=== RECORD EXCERPTS ===
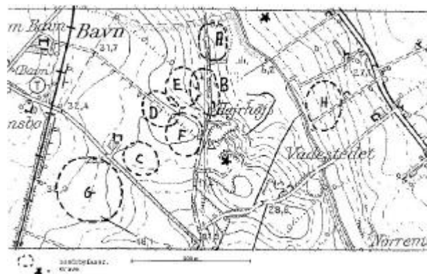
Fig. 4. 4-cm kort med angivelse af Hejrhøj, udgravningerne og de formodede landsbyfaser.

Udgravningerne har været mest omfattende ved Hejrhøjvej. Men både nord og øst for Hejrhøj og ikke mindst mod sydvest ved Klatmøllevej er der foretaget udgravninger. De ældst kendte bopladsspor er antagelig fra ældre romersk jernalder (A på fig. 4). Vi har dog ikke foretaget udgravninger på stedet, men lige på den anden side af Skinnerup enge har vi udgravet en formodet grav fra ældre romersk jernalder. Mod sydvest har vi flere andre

--

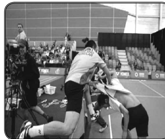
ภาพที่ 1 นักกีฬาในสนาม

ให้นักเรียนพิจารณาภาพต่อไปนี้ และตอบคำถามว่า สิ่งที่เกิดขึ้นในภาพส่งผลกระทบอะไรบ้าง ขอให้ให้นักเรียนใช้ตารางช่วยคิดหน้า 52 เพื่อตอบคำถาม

=== TO DO ===
Look through the data above for the string "Hejrhøj" and copy every line where it appears.

=== RESPONSE AREA ===
Fig. 4. 4-cm kort med angivelse af Hejrhøj, udgravningerne og de formodede landsbyfaser.
Udgravningerne har været mest omfattende ved Hejrhøjvej. Men både nord og øst for Hejrhøj og ikke mindst mod sydvest ved Klatmøllevej er der foretaget udgravninger. De ældst kendte bopladsspor er antagelig fra ældre romersk jernalder (A på fig. 4). Vi har dog ikke foretaget udgravninger på stedet, men lige på den anden side af Skinnerup enge har vi udgravet en formodet grav fra ældre romersk jernalder. Mod sydvest har vi flere andre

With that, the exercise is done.